[Start of section]

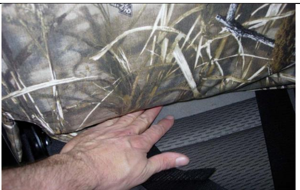
Step 8. Driver & Passenger Top/DT&PT: Tuck in the front edge of the seat cover and fold the backrest forward. Make sure to pull the cover down far enough that the rounded bottom left and right corners are forming to the bottom of the backrest.
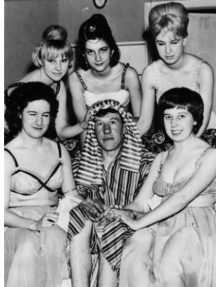
Brides of March.

Pic and Feature Page 1, 13 Apr Sandbach Chronicle. Pic and Feature Page Unkn, 20 Apr Sandbach Chronicle.
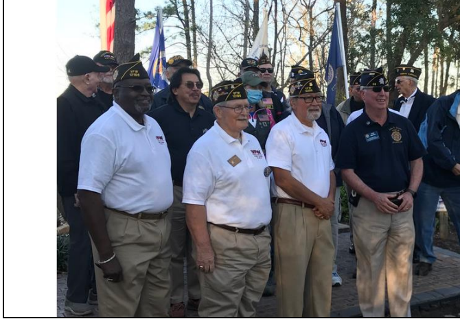
Members of VFW Post 12196 and American Legion Post 68
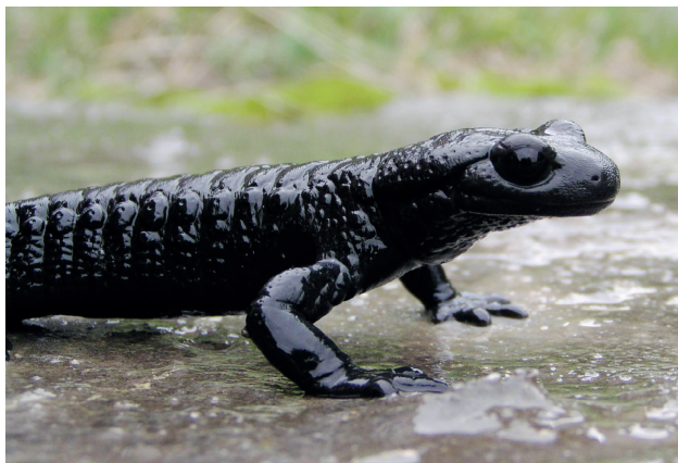
Figure 1. Alpine salamander from the Hinterstein Valley, Bavarian Alps, Germany (not collected).

ropean species and populations unaffected. Here, we report the results of a study on Bd infection in the viviparous and entirely terrestrial Alpine salamander, Salamandra atra LAURENTI, 1768 (Fig. 1). This caudate is endemic to the Alps and the Dinaric Alps (GRIFFITHS 1996).
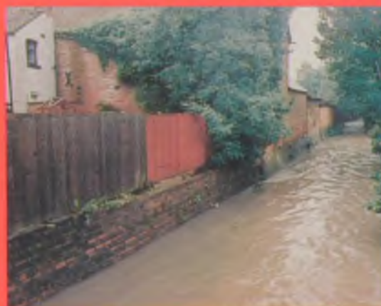
River Rea, Northfield

The main development area within the Tame area has been the installation of a river gauge within the MG Rover plant at Longbridge. This will provide early warning to the residents of Northfield who have suffered flooding four times in the past two years. The River Rea reacts quickly to rainfall which is of short duration and high intensity.
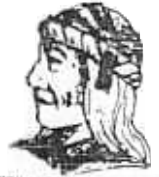
WAWA GENOLUN TATEHE Because of the help of this Oneida Chief in cementing a friendship between the six nations and the Colony of Pennsylvania, a new nation, the United States was made possible.
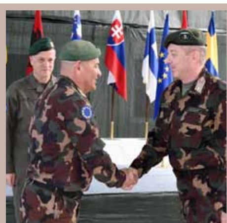
EUFOR Chief of Staff Handover Takeover Ceremony
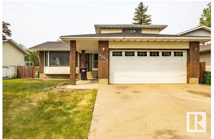
2208 85 St NW, Edmonton, AB

Basement (Below Grade) Exterior Area 1036.32 sq ft Interior Area 853.53 sq ft Excluded Area 94.86 sq ft

[End of section]

* YOUR ASSIGNMENT
Start at the line above containing "Brides of March." and stop at the line containing "WAWA GENOLUN TATEHE": print those lines and everything between them exactly, but not the pictures.

* WRITTEN RESPONSE
Brides of March.

Pic and Feature Page 1, 13 Apr Sandbach Chronicle. Pic and Feature Page Unkn, 20 Apr Sandbach Chronicle.
Members of VFW Post 12196 and American Legion Post 68
Figure 1. Alpine salamander from the Hinterstein Valley, Bavarian Alps, Germany (not collected).

ropean species and populations unaffected. Here, we report the results of a study on Bd infection in the viviparous and entirely terrestrial Alpine salamander, Salamandra atra LAURENTI, 1768 (Fig. 1). This caudate is endemic to the Alps and the Dinaric Alps (GRIFFITHS 1996).
River Rea, Northfield

The main development area within the Tame area has been the installation of a river gauge within the MG Rover plant at Longbridge. This will provide early warning to the residents of Northfield who have suffered flooding four times in the past two years. The River Rea reacts quickly to rainfall which is of short duration and high intensity.
WAWA GENOLUN TATEHE Because of the help of this Oneida Chief in cementing a friendship between the six nations and the Colony of Pennsylvania, a new nation, the United States was made possible.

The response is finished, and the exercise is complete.